Fitch Ratings has affirmed Universal Health Services, Inc.'s (UHS) ratings, including the Long-Term Issuer Default Rating (IDR) at 'BB+' and senior secured debt ratings at 'BBB-'/'RR1'.

The Rating Outlook is Stable.

KEY RATING DRIVERS

Coronavirus Hits Volumes; Impact Short-lived: Fitch believes that U.S. healthcare and pharmaceutical companies, including providers of healthcare services, should be less affected long-term by coronavirus and its influence on U.S. consumers' behavior than other corporate sectors because demand is less economically sensitive and often times is not discretionary. However, Fitch notes that while the impact for healthcare service providers, including UHS, is expected to be relatively muted compared to more discretionary sectors, depressed volumes of elective patient procedures have begun to meaningfully weigh on revenue and cash flow beginning in Q220. Healthcare providers cancelled elective procedures in both inpatient and outpatient settings in order to increase capacity for COVID-19 patients and in response to government orders.

Fitch currently believes UHS has sufficient headroom in the 'BB+' rating to absorb these impacts, which is predicated on an assumption that the healthcare services sector will experience a strong recovery in elective patient volumes beginning in late 2020 and into 2021. However, there could be downward pressure on the rating if the outbreak is of longer duration and impacts cash flow in 2020 more than currently anticipated (perhaps due to patient preference to continue to defer care) or the healthcare services segment proves to be more economically sensitive than during past U.S. economic recessions, leading to a slower recovery in elective patient volumes and pricing in 2021-2022.

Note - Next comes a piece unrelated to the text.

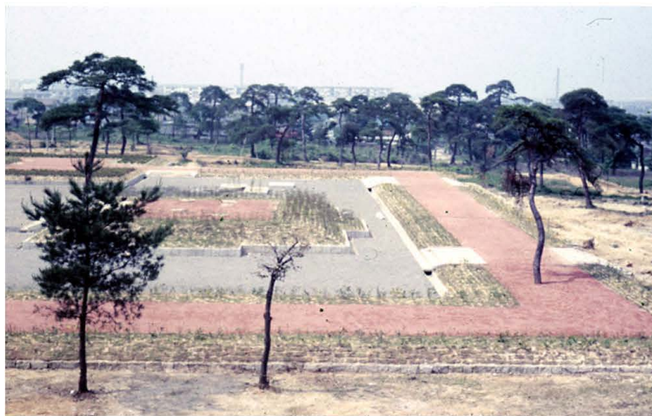
1965年整備直後の東塔と伽藍地東半(南から)

Sustainably Low Debt Leverage: Fitch expects UHS will operate with gross debt/EBITDA after net distributions to associates and minorities around 3x in 2020 as a result of the volume declines, the upper end of the range considered consistent with the 'BB+' IDR. This is before consideration of grants received under the CARES Act. Amounts received to-date, should they be kept and accounted for as revenues, would increase EBITDA by $239 million and reduce leverage to the mid-2x range. This compares to leverage of 2.1x at Dec. 31, 2019, the lowest among Fitch-rated hospital companies, driven by management's relatively more conservative balance sheet management and M&A strategy. Management acknowledged on the 2Q19 earnings call that the leverage profile is low and 'probably relatively inefficient', but provides the company a large amount of flexibility to return capital to shareholders or opportunistically make acquisitions.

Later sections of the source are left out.